At the obligatory scene in which the bad guy divulges his motivations, Tobin complains the current government (i.e. FDR’s) is not profitable enough. He argues that a dictatorship is much better for business. While watching this, I was reminded of Prescott Bush. Both Tobin and Bush were Wall Street bluebloods who had clear Nazi sympathies and Bush’s name did come up in the congressional investigation into the alleged coup attempt by the monied class against FDR and the New Deal. Fifty years later, Prescott Bush’s idiot grandson has done more to further the goals of Charles Tobin than any other American. He shredded much of the government oversight brought about during the New Deal and pushed America closer than any president in recent memory to a dictatorship. Like the good citizens of the movie, I think that only thing that save us from these criminals is a return to a belief in the common good.

The Garfield Factor: President James A. Garfield on one hand would have probably rejected the New Deal as being against his understanding of the Constitution. On the other hand, being a Civil War veteran and a man with a strong sense of right and wrong, he never would have supported any activity that hinted at treason.

News Rant

Here’s a few news stories/columns that once again illustrates the flagrant wickedness of, as Mike Malloy would say, the Bush crime family.
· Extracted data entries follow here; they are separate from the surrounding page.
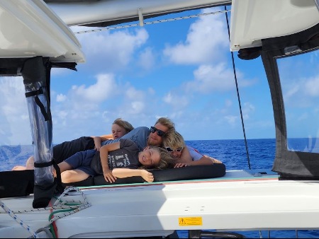 We like to sit on the coach roof cushions or the trampoline while we are sailing.
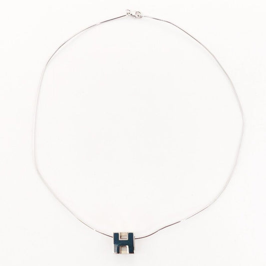 Hermès HERMES Cage d'Or H Cube Necklace Blue × Silver H Logo With Box 7-9-418
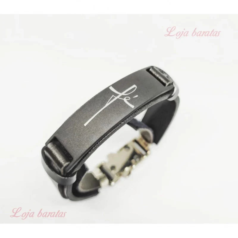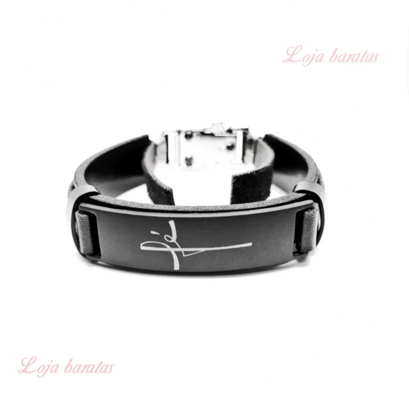 Pulseira Masculina de Couro Sintético – Estilo e Fé em Cada Detalhe
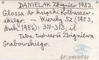 DANIELAK Zbigniew 1983 Glossa do książki Kolbuszewskiego.
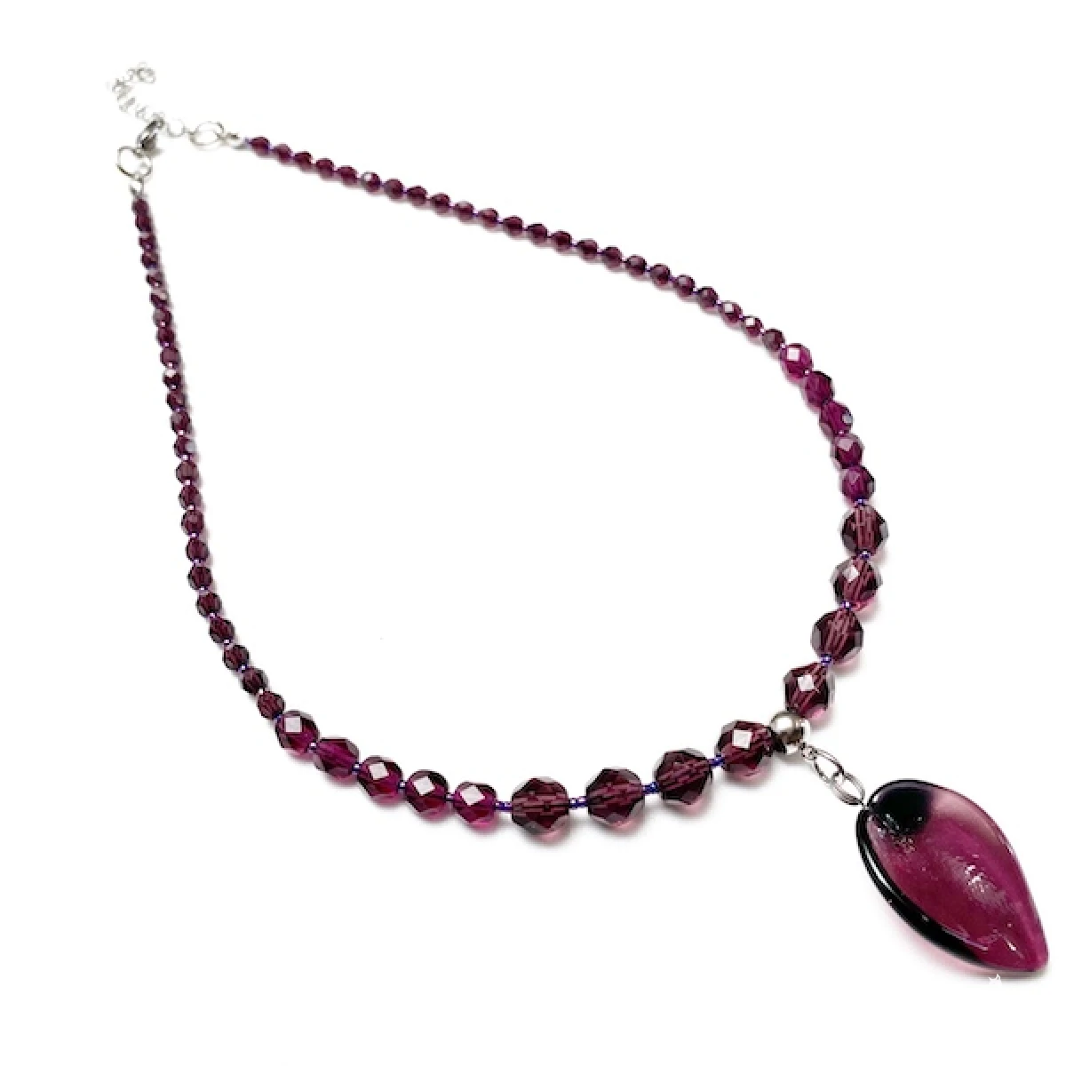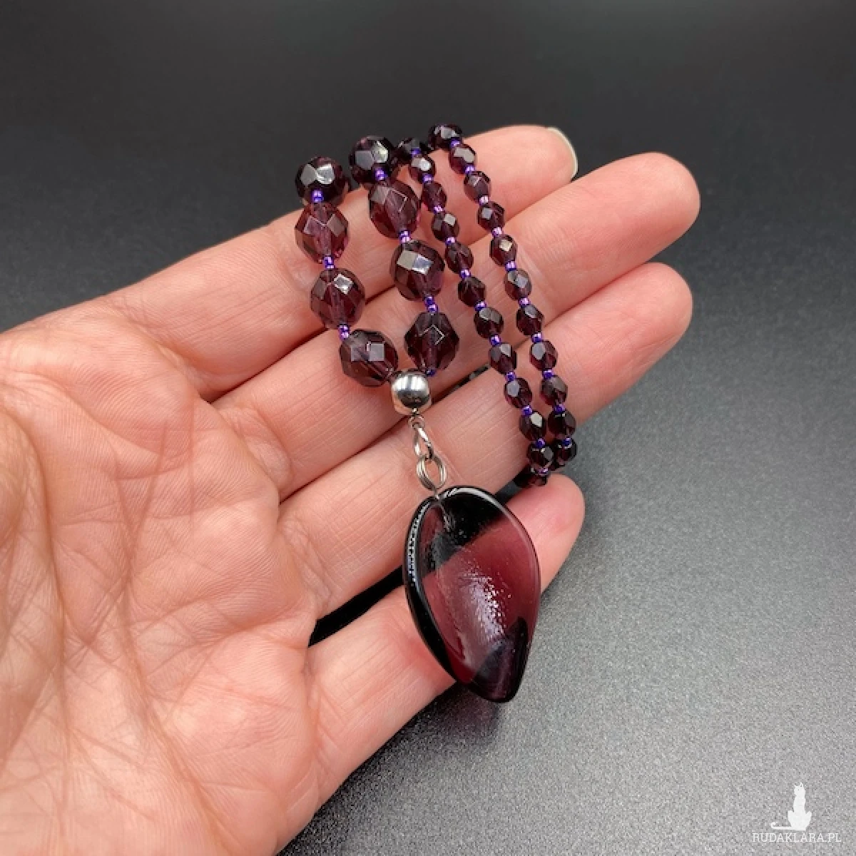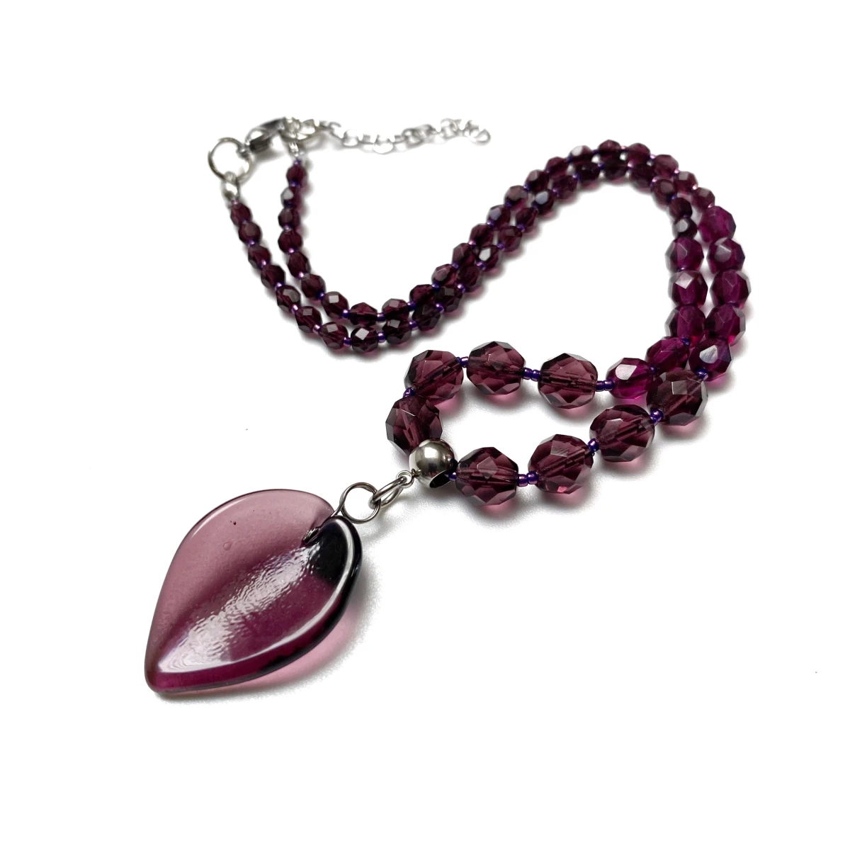 Krótki naszyjnik został wykonany ręcznie z czeskich, szklanych, szlifowanych koralików w kolorze fioletowym. Do naszyjnika doczepiony jest fioletowy, szklany liść (3 cm).
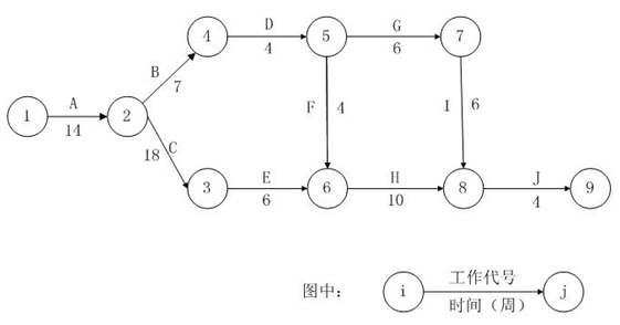 项目原实施计划如下图所示,该工程总工期为1年,在工程按计划进行14周后(已完成A工作施工),甲向乙提出增加一项新的工作内容K,该项工作要求在C工作结束以后开始,并在D工作开始前完成,以保证D工作在B和K工作完成后开始实施,根据由乙提出并经监理工程师研究认可的K工作计划,该项工作的实施时间需要9周。
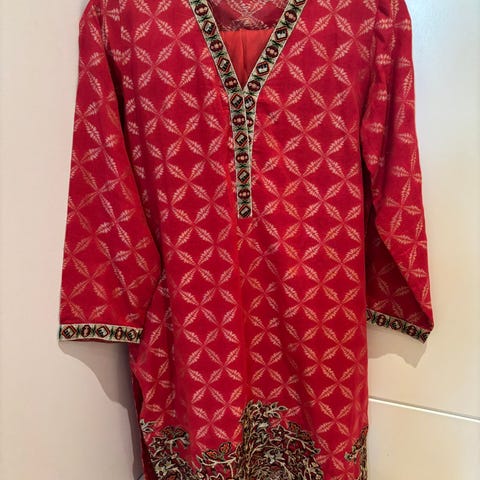 Veldig fine detaljer. 3 deler følger med, kjole, bukse og skjerf.
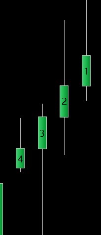 Vorrei identificare la chiusura massima e minima delle quattro candele precedenti, escludendo la candela [0].
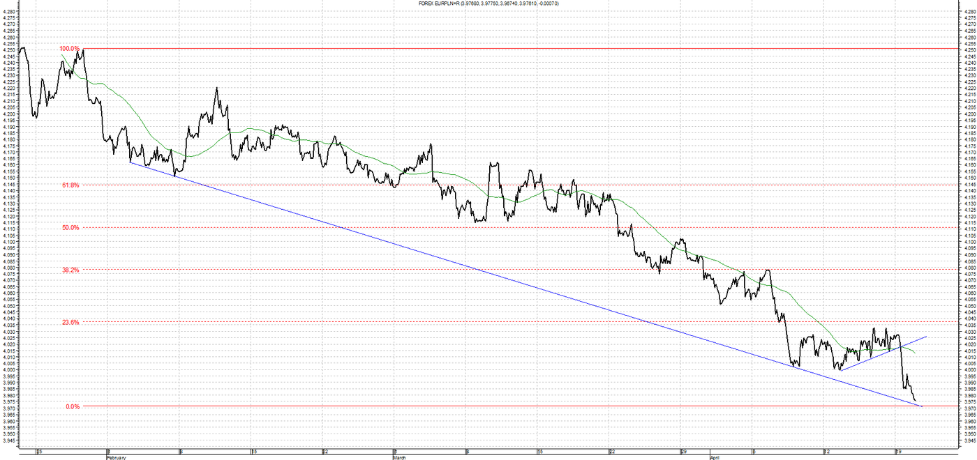 Kurs EUR/PLN po odbiciu się od linii oporu gwałtownie spada. Przebite zostało dwuletnie minimum na 4,0350, a kurs dalej próbuje ustanowić niższe poziomy przebijając symboliczne nawet 4,0000. Oporem dla wzrostów będzie linia łącząca maksima ostatnich tygodni na poziomie 4,05000. Wsparciem jest poziom 3,9700 czyli przedłużenie linii łączącej minima lokalne.

Last year, a German politician got into hot water over comparing Hitler with Bush (to which my response was “Yeah, Hitler is the epitome of earthly evil, but at least he got elected.”) This past week, an article in the Canadian Courier Mail reports that the US is considering turning its bases in Guantanamo Bay into a death camp (link dead) complete with a kangaroo court and an execution chamber.

Meanwhile, Paul Krugman argues that Chimpie McCokespoon and his thugs are radicals bent on destroying the New Deal and social safety net (Social Security, Medicare, etc.) along with it with that obscenely large tax cut that the congress just passed. He writes, “But the people now running America aren’t conservatives: they’re radicals who want to do away with the social and economic system we have, and the fiscal crisis they are concocting may give them the excuse they need.” Yes, that’s right. The country is being sold out from underneath us and the democrats are once again asleep at the switch.
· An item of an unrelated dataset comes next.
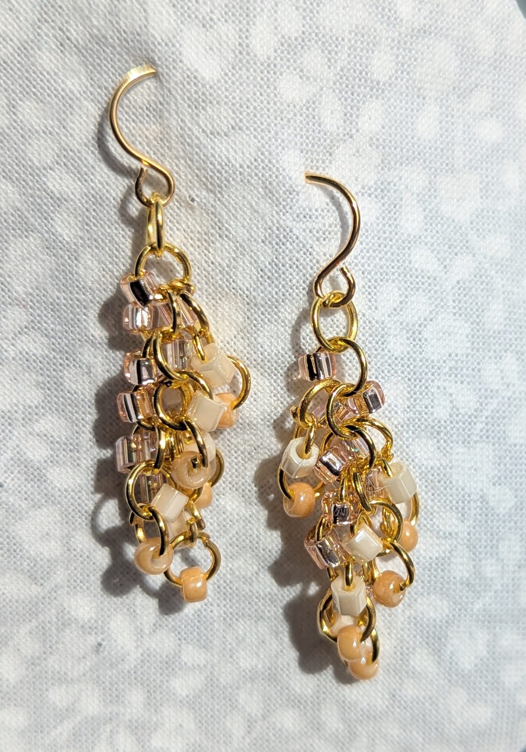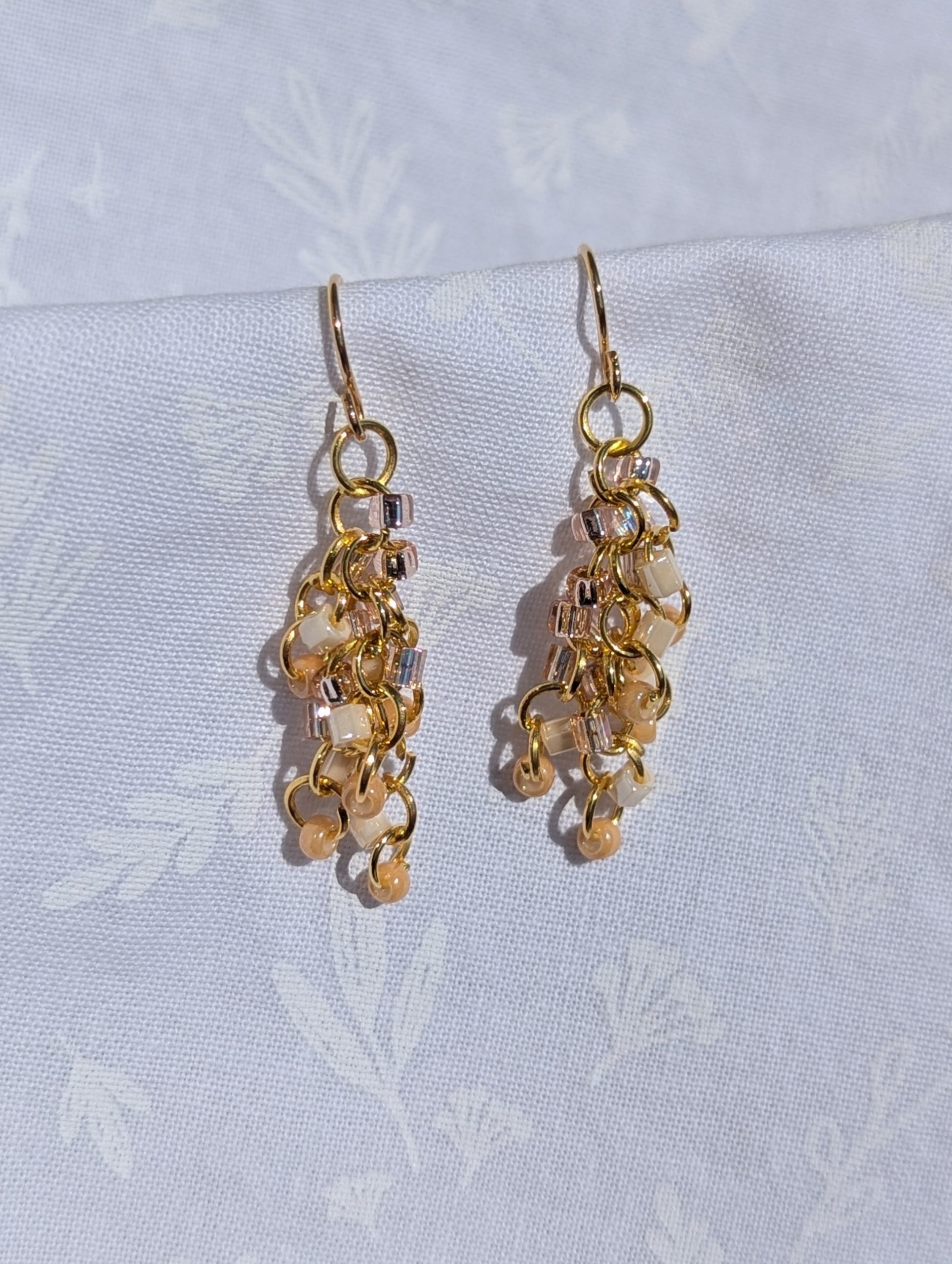 Elegant and delicate, these Golden Blush Earrings feature a soft blend of pale pink, cream, white, and clear beads, beautifully arranged to create a subtle shimmer. With five different hues and varied textures, each earring contains 20 glass seed beads—four of each color—linked together with gold-colored jump rings. Suspended from gold-colored earring hooks, these lightweight earrings add a touch of sophistication and charm to any outfit.
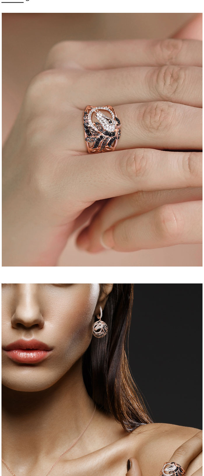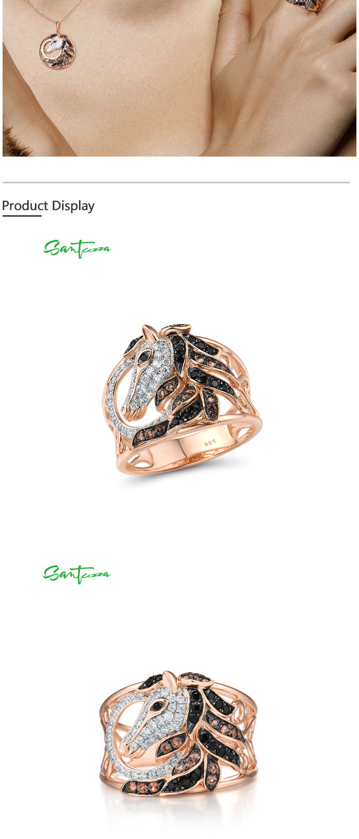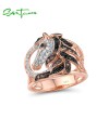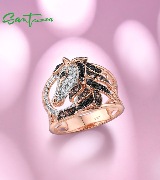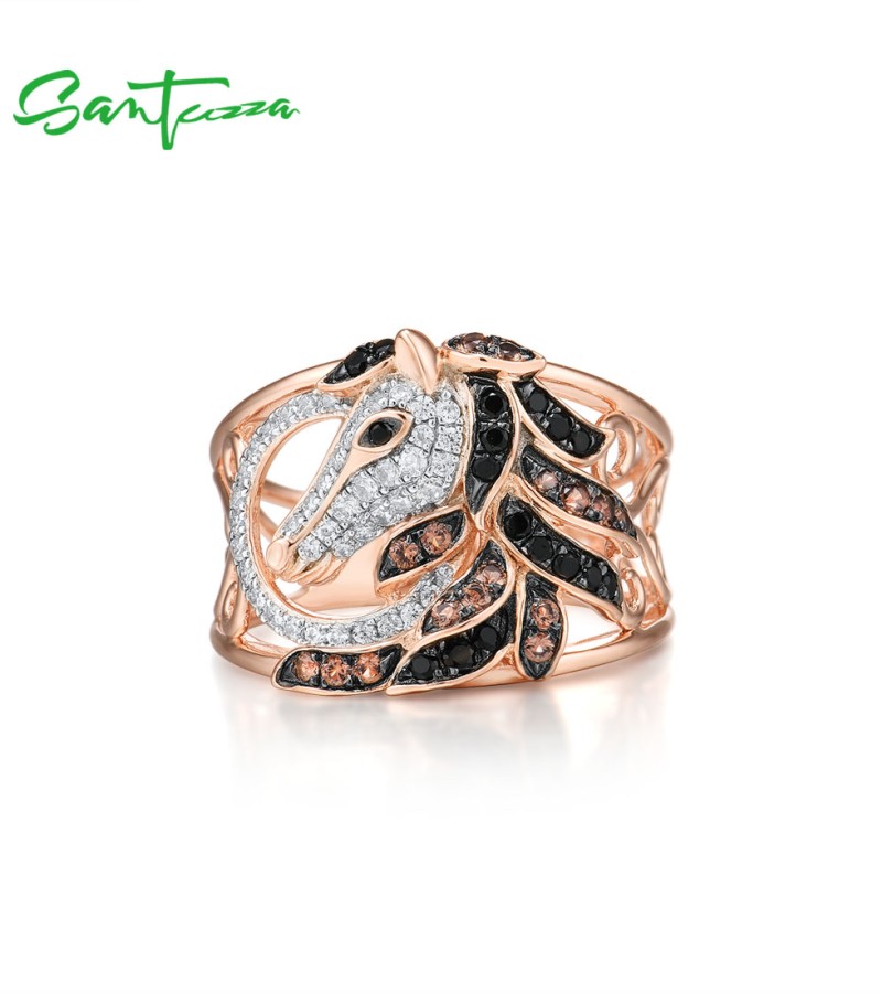 SANTUZZA 925 Sterling Silver Ring Rose Gold Color Black Brown Horse Hollow Fine Jewelry

And finally (at least for now), Ted Rall in his weekly (another dead link) writes:

“We warned the Bush Administration that invading Iraq would destabilize the Middle East and spread radical anti-American Islamism. We told the American people that taking out Saddam Hussein without a viable government to replace him would open a vacuum for anarchy, civil war and a power grab by radical Iranian-backed Shiite clerics. Now the antiwar movement’s doomsday scenarios have been fulfilled so completely that military history scarcely mentions a more thoroughly botched endeavor–and we’ll be living with the fallout for years. ”

He then proceeds to paint a very grim picture of the state of the Middle East, where an all but name independent Kurdistan is run by guys that make the Taliban look moderate and who will certainly plunge Turkey (a NATO member, y’know) into a long and bloody civil war. Am I the only one who is waxing poetic for the days when the biggest news stories in the world concerned the president’s genitals?